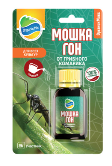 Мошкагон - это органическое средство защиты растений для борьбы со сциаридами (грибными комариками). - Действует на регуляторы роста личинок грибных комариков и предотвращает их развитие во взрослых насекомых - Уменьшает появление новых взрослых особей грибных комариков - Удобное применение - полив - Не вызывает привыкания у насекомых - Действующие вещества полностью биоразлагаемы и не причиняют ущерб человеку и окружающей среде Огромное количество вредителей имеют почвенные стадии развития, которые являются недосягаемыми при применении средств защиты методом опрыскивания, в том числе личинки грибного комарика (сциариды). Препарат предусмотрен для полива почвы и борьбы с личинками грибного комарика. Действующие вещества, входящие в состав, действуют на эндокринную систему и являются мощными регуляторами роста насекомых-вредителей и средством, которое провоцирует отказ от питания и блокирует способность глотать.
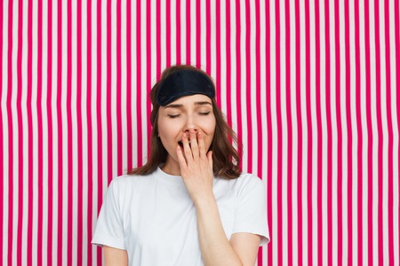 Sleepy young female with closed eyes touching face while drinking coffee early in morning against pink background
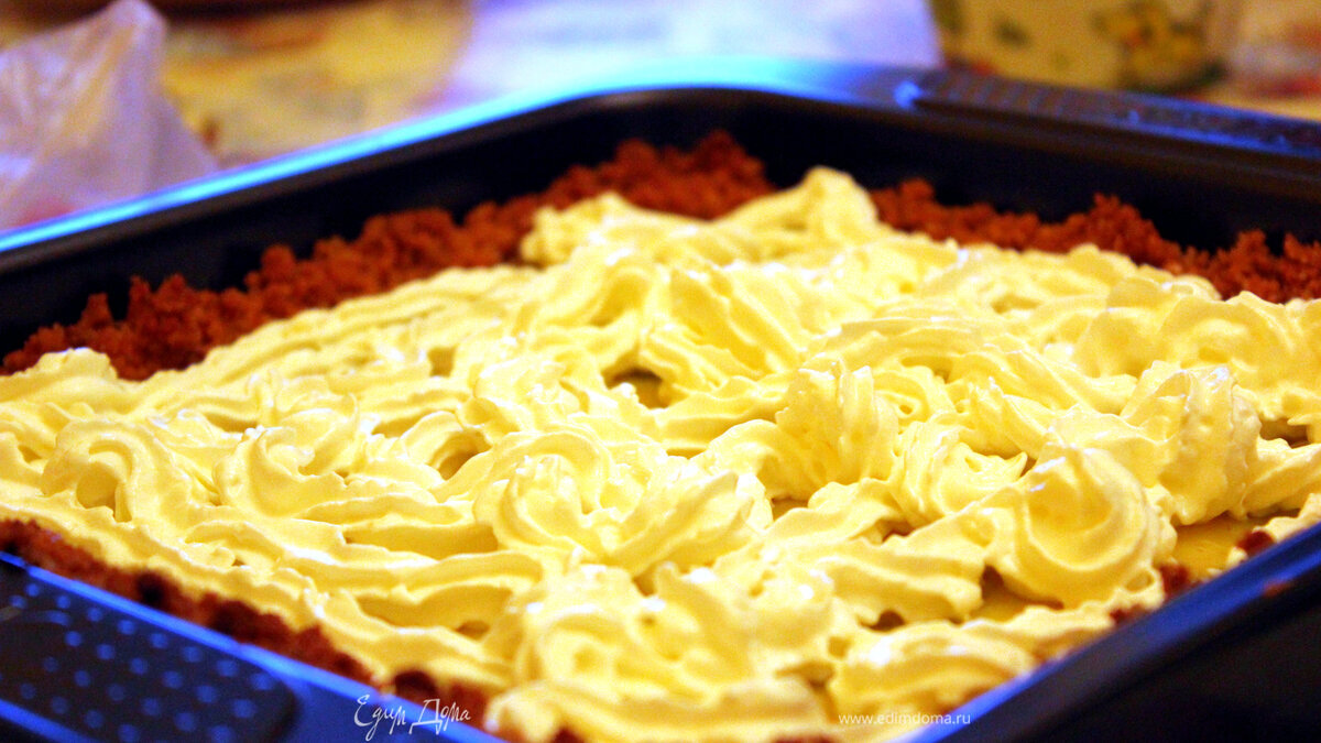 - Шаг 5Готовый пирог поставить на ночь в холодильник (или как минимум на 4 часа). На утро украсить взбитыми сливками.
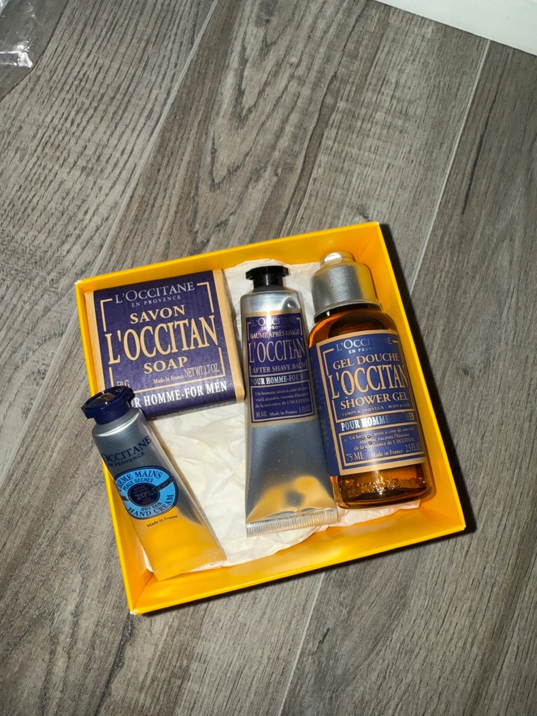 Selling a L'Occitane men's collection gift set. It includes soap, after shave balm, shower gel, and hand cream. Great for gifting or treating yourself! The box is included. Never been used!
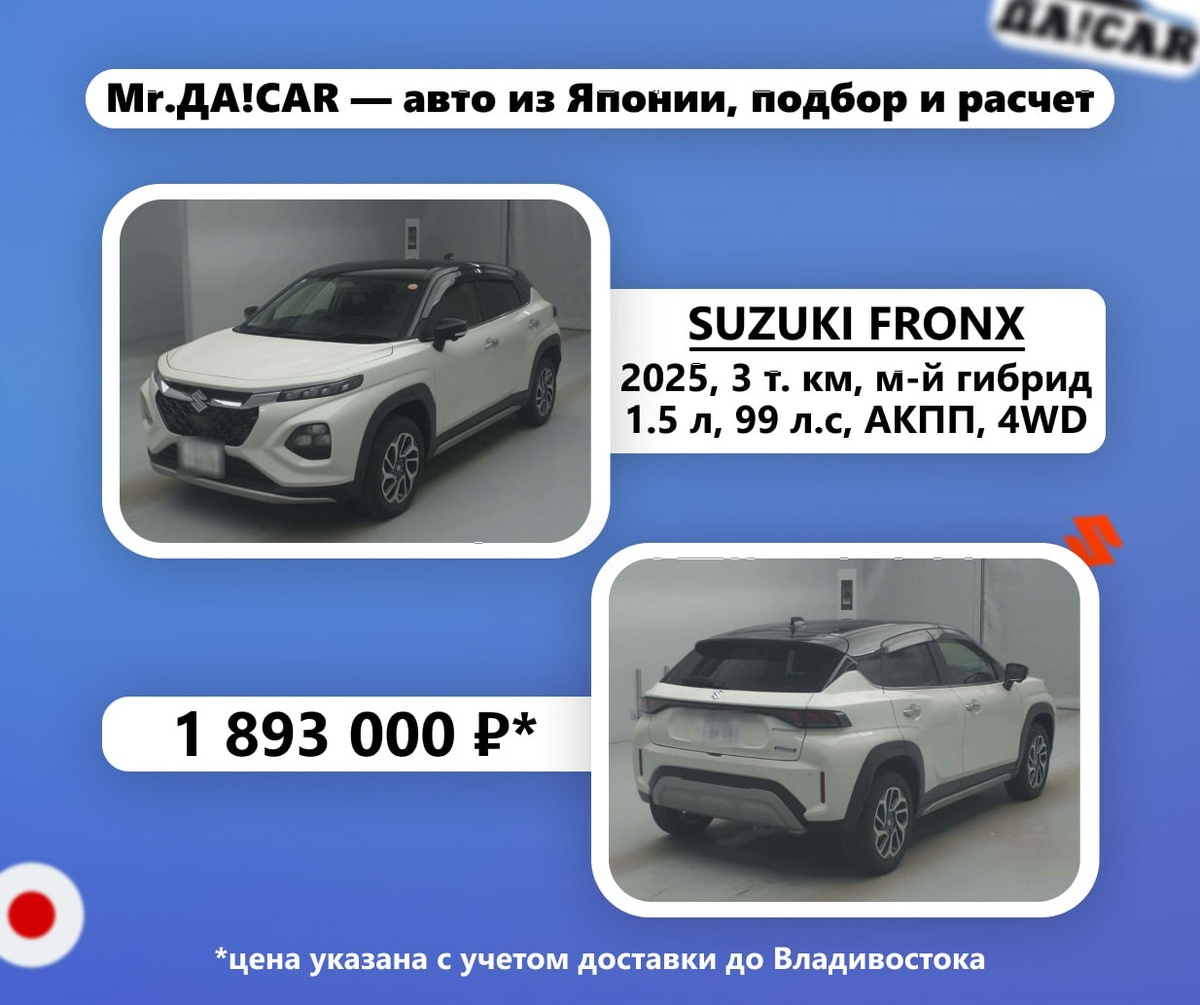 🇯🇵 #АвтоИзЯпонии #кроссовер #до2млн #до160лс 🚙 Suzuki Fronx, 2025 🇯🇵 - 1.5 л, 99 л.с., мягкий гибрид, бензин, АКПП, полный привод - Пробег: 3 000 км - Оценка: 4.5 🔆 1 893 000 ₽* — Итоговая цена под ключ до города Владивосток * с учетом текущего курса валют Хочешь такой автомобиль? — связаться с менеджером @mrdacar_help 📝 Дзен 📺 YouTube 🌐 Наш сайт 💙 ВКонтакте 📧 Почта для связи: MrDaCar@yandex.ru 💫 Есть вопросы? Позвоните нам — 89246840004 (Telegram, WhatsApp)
━━━━━━
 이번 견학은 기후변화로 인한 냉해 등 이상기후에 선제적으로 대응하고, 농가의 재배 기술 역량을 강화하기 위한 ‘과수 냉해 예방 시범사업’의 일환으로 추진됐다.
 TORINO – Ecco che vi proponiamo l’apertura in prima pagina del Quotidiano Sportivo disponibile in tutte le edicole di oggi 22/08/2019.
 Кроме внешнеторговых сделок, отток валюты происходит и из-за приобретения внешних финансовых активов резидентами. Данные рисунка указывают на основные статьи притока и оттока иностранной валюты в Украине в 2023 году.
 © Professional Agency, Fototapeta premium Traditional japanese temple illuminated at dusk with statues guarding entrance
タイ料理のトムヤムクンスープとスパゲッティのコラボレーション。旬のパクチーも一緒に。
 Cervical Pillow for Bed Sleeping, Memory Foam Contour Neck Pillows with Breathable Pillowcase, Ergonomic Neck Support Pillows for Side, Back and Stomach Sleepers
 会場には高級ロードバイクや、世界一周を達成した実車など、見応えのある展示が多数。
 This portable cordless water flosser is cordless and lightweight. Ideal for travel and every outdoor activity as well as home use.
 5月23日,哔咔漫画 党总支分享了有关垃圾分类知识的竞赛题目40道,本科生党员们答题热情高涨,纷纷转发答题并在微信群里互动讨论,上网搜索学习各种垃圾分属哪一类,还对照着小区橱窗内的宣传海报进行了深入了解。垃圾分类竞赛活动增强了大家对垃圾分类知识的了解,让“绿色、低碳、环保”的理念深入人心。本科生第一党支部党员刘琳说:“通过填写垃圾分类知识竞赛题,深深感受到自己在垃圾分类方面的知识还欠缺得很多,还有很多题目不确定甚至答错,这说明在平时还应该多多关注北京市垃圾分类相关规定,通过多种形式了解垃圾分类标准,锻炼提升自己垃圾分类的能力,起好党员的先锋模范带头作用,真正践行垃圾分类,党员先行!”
━━━━━━
Starting at the line above that holds "タイ料理のトムヤムクンスープ" and ending at the line that holds "5月23日,哔咔漫画 党总支", transcribe each line exactly and include no other lines.

タイ料理のトムヤムクンスープとスパゲッティのコラボレーション。旬のパクチーも一緒に。
 Cervical Pillow for Bed Sleeping, Memory Foam Contour Neck Pillows with Breathable Pillowcase, Ergonomic Neck Support Pillows for Side, Back and Stomach Sleepers
 会場には高級ロードバイクや、世界一周を達成した実車など、見応えのある展示が多数。
 This portable cordless water flosser is cordless and lightweight. Ideal for travel and every outdoor activity as well as home use.
 5月23日,哔咔漫画 党总支分享了有关垃圾分类知识的竞赛题目40道,本科生党员们答题热情高涨,纷纷转发答题并在微信群里互动讨论,上网搜索学习各种垃圾分属哪一类,还对照着小区橱窗内的宣传海报进行了深入了解。垃圾分类竞赛活动增强了大家对垃圾分类知识的了解,让“绿色、低碳、环保”的理念深入人心。本科生第一党支部党员刘琳说:“通过填写垃圾分类知识竞赛题,深深感受到自己在垃圾分类方面的知识还欠缺得很多,还有很多题目不确定甚至答错,这说明在平时还应该多多关注北京市垃圾分类相关规定,通过多种形式了解垃圾分类标准,锻炼提升自己垃圾分类的能力,起好党员的先锋模范带头作用,真正践行垃圾分类,党员先行!”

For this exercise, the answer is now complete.